- WORK REQUIRED -
Quote exactly, and only, the lines of the material below from the line with "This bingo card" through the line with "广联航空发布投资者关系活动记".

- DATA EXTRACT -
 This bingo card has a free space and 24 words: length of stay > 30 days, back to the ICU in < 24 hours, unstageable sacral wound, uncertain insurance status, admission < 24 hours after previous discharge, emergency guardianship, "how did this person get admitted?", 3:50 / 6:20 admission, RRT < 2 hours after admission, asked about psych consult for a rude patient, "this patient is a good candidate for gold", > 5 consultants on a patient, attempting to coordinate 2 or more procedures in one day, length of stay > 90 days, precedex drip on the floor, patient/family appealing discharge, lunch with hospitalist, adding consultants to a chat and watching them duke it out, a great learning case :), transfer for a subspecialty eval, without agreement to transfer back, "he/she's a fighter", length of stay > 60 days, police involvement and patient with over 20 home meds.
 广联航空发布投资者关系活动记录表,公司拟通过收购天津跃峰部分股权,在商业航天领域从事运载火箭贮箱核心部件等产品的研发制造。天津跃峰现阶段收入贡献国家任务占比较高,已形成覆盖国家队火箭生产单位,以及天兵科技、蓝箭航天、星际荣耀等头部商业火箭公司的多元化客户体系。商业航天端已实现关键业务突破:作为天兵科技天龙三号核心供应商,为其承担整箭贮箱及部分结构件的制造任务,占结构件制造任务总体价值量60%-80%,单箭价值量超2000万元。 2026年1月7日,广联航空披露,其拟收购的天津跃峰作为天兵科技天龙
* * *
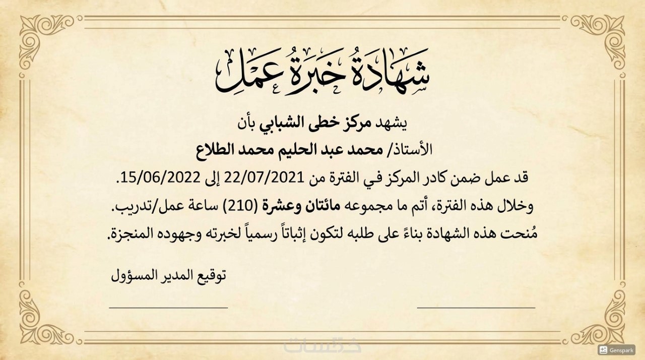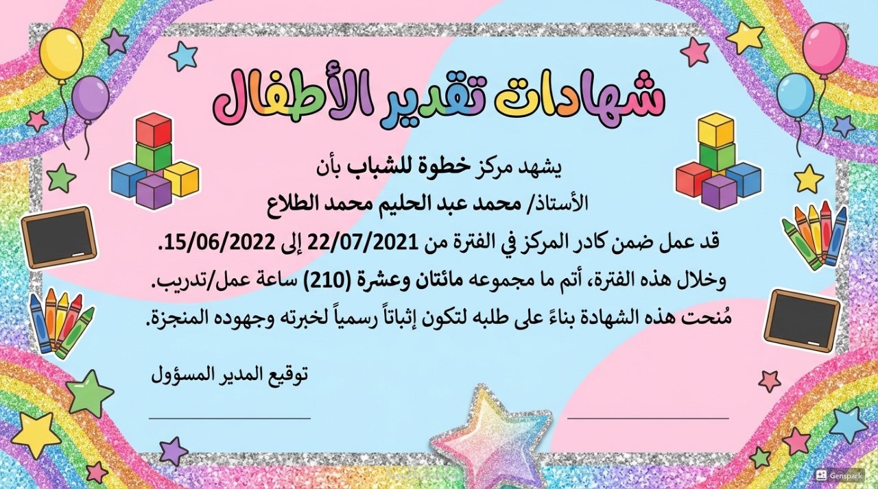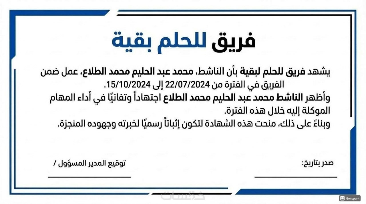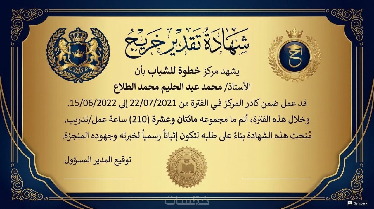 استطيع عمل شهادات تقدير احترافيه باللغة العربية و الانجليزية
...
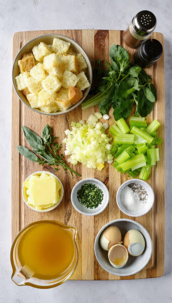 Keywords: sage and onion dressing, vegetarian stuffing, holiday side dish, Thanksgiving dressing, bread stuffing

- EXERCISE RESPONSE -
 This bingo card has a free space and 24 words: length of stay > 30 days, back to the ICU in < 24 hours, unstageable sacral wound, uncertain insurance status, admission < 24 hours after previous discharge, emergency guardianship, "how did this person get admitted?", 3:50 / 6:20 admission, RRT < 2 hours after admission, asked about psych consult for a rude patient, "this patient is a good candidate for gold", > 5 consultants on a patient, attempting to coordinate 2 or more procedures in one day, length of stay > 90 days, precedex drip on the floor, patient/family appealing discharge, lunch with hospitalist, adding consultants to a chat and watching them duke it out, a great learning case :), transfer for a subspecialty eval, without agreement to transfer back, "he/she's a fighter", length of stay > 60 days, police involvement and patient with over 20 home meds.
 广联航空发布投资者关系活动记录表,公司拟通过收购天津跃峰部分股权,在商业航天领域从事运载火箭贮箱核心部件等产品的研发制造。天津跃峰现阶段收入贡献国家任务占比较高,已形成覆盖国家队火箭生产单位,以及天兵科技、蓝箭航天、星际荣耀等头部商业火箭公司的多元化客户体系。商业航天端已实现关键业务突破:作为天兵科技天龙三号核心供应商,为其承担整箭贮箱及部分结构件的制造任务,占结构件制造任务总体价值量60%-80%,单箭价值量超2000万元。 2026年1月7日,广联航空披露,其拟收购的天津跃峰作为天兵科技天龙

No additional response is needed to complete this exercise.